On February 22, Congressman Jeff Denham (R-Turlock) introduced a controversial bill, the Save our Salmon Act (SOS), that eliminates the doubling requirement established by the Central Valley Project Improvement Act of 1992 (CVPIA) for striped bass.

The “striper” is a popular California gamefish that has been devastated by Delta water exports and declining water quality over the past three decades.

The CVPIA required the doubling of all naturally-spawning anadromous fish species, including Central Valley Chinook salmon, steelhead, striped bass, American shad, green sturgeon and white sturgeon, by 2002. Unfortunately, not only have the state and federal governments failed to meet the doubling requirements for these fish species, but many of these fish populations have instead declined to record low levels.

Denham described the striped bass, a fish introduced into the Sacramento-San Joaquin River from the East Coast over 130 years ago, as “a known predator fish of threatened and endangered salmon and steelhead.”

According to a news release from Denham’s office, “The CVPIA mandated population doubling for all anadromous fish as part of an effort to protect the fish populations. Under this requirement, both native species and predator fish, specifically striped bass, are included.”

Utilizing the false claim by corporate agribusiness interests that Sacramento and San Joaquin River water needed to sustain the fish, wildlife, ecosystem, farms and cities of the San Francisco Bay-Delta is “wasted,” Denham said, “This law has led to sending millions of acre-feet of water to the ocean and millions of dollars being spent every year to protect fish populations across the Central Valley.”
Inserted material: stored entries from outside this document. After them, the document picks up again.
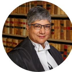
Hon. Ritu Khullar Justice, Court of Appeals of Alberta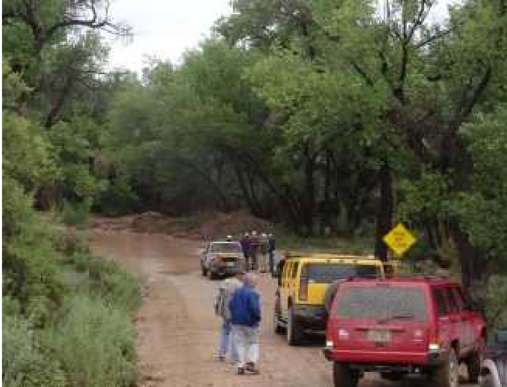
Inspecting Montezuma Creek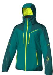
A57F Kayak Green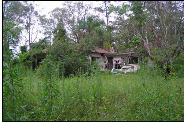
PHOTO 17: Old house and garden – dense cover of exotic weeds. Die-back is occurring in remnant native canopy trees (BMAD) [background] (01.02.2008).

from native canopy trees. The weed management and regeneration/ restoration strategy should be integrated with proposed passive recreational uses/ development (ie. walking tracks and picnic area – refer to 4.6 Public access and recreation ). It should also be monitored in relation to changes in the Bell Miner population and localised dieback of native canopy species (BMAD – see previous discussion).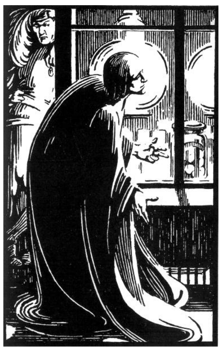
"A fine evening, sir," said the chemist.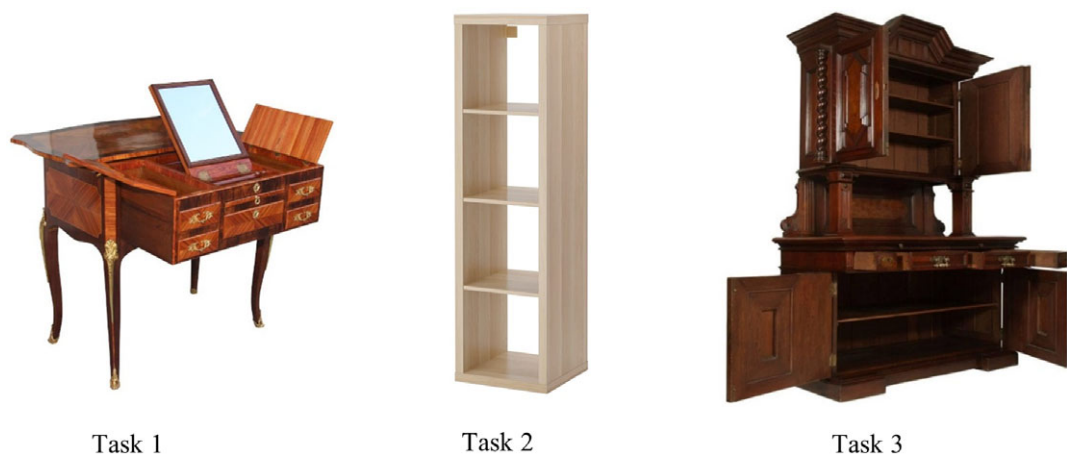
Figure 1. Presentation of the three drawing copy tasks. In task 1, the writing desk is copied with a pencil/paper. The basic task 2 (the shelf) and the complex task 3 (the buffet) are copied using Time2sketch software in a VR environment.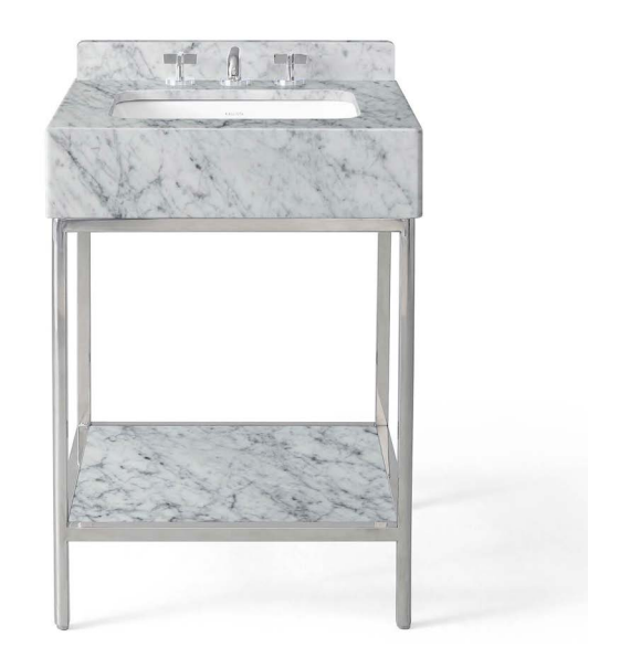
24" W single vanity in polished stainless steel in Carrara

“Our devastating drought has been made worse annually by the Obama administration in conjunction with environmental extremists who prioritize fish over families,” claimed Denham. “Yet they push out millions of acre-feet and fail to address predator species, which their own estimates have shown eat 98 percent of endangered fish species. We must stop the crazy cycle of spending money on both the fish we want to save and the fish that kill them.”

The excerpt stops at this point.